Design
The Front Lip
Why Optica's front lip is a curve.
Most keyboards end at the front edge the same way. A hard 45 degree chamfer that goes deeper into the front, what the community usually calls a cherry lip, or some variation on it where it tapers in and out.
The angle changes once, sharply, and that's the front of the board. It's a resolved solution. It works, it reads clearly, and nearly everyone uses it.

Optica doesn't.
The front lip is a continuous curve, produced by a 5-axis machining operation that a chamfer doesn't require.
That decision has a specific reason, and this is it.
What Optica was about
The design argument behind Optica was the relationship between form and attention.
The claim was that organic curves, resolved with enough precision, reward the act of looking, that an object could behave differently depending on where you stood relative to it.
Light catches differently. The profile changes. A line from one angle becomes something more complex from another.
The intention was that looking at Optica wouldn't be incidental. That the object would return something to whoever was paying attention to it.
That premise had a direct implication for every surface decision on the board. A surface that changes predictably, that has a fixed profile regardless of viewing angle, doesn't participate in that argument.
Present, but not active.
The front edge, being the surface most directly in a seated user's sightline, was one where a lot of consideration was spent.
Why?
A hard bevel resolves the front edge with a single angle change. It's legible and clean, and that legibility is part of its appeal: You read the edge immediately and completely.

Cherry G80-3000 Keyboard
But that completeness is also the problem.
A hard bevel looks the same from every angle within a normal range of view. There's no gradient, no transition, nothing that changes as you move.
It doesn't reward attention because it doesn't change in response to it.
Tapering the front edge variably didn't solve this either.
The profile is still a fixed shape. The lines change but the behaviour doesn't. You're still looking at the same form regardless of where you sit relative to it.
Neither was truly the answer to the question that was looking to be answered.
The Result
A gentle continuous curve was applied to the front face using a 5-axis operation.
Not just an line with a radius applied to its edge, a surface that is itself curved, so that what the eye receives changes as the viewer moves.
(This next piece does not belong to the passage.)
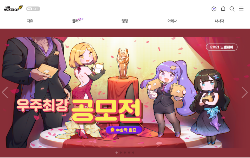 찾은 노벨피아 웹소설 홈페이지는 다음과 같습니다. 메인 화면은 커다란 홍보 페이지가 차지하고 있어 깔끔해 보이네요. 메인 메뉴인 자유, 플러스, 랭킹, 아레나 등 로그인을 하지 않고도 웹소설 콘텐츠를 개략적으로 살펴보실 수 있습니다.
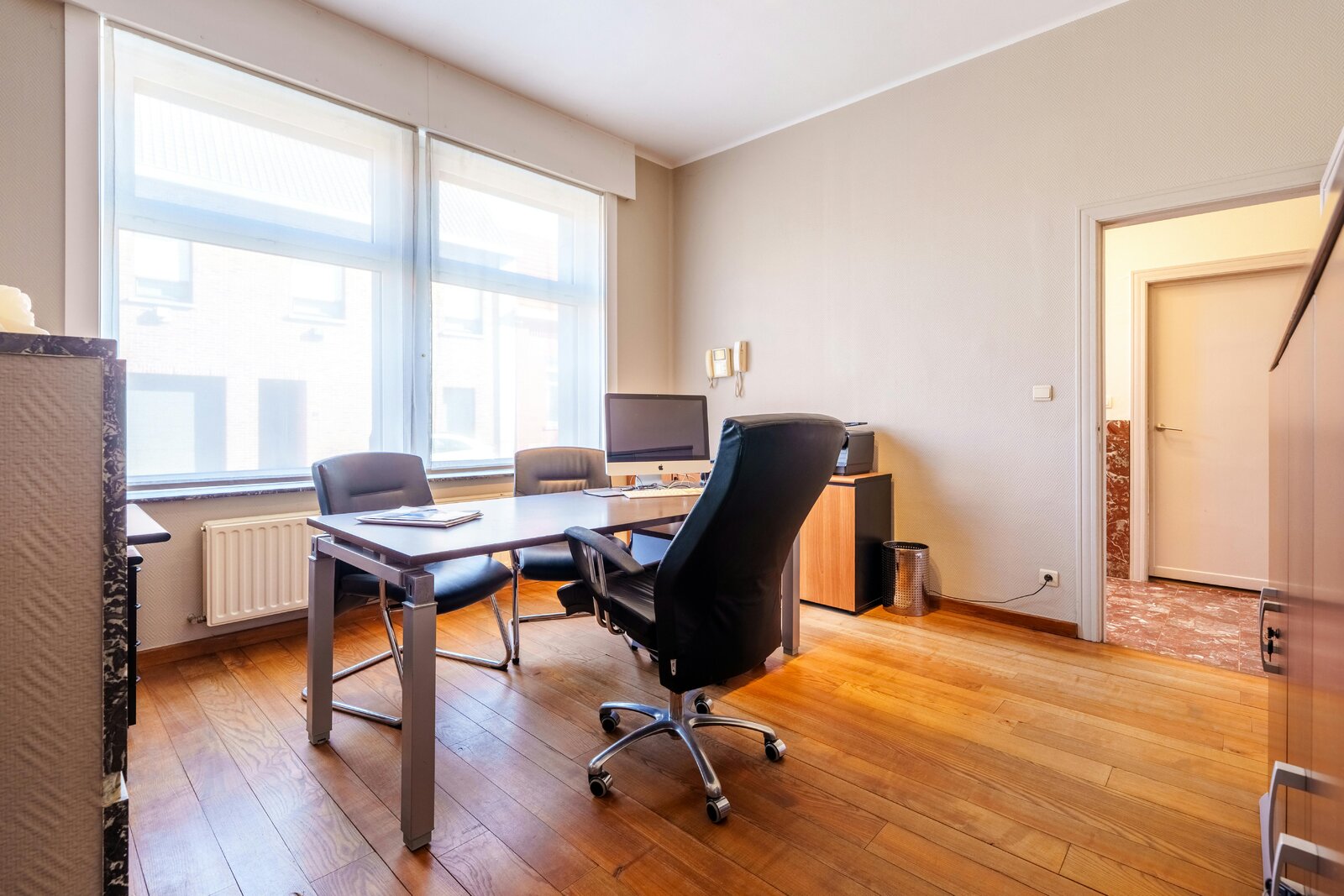 Dans le passé, ce bâtiment spacieux et polyvalent servait de bureau d'assurance et, auparavant, de cabinet médical avec pharmacie. Aujourd'hui, il offre des possibilités infinies : une salle de pratique élégante avec entrée et salle d'attente séparées, mais aussi l'emplacement idéal pour un espace commercial avec une maison arrière confortable.

When you sit back, the front face presents a gentle gradient.
As you lean forward, the gradient shifts, changing as your perspective does.
The curve was then resolved at its edge with an additional fillet.
That edge catches light differently from the face, a sharper gradient that defines where the board ends without using a hard angle to do it.
The edge is present, but doesn't contradict what the lip is saying.
In person, this feature turned out beautifully, where the edge break added an additional layer of complexity as light bent around it that carried itself not only just along the lip, but the entire board.
The 5-axis operation costs more than a standard bevel due to its insanely large radius, meaning that the operation could only be carried out by an atypical endmill, but that cost was straightforward to justify: the front lip was the surface most directly implicated in the design argument.
Cutting cost there would have been cutting the argument.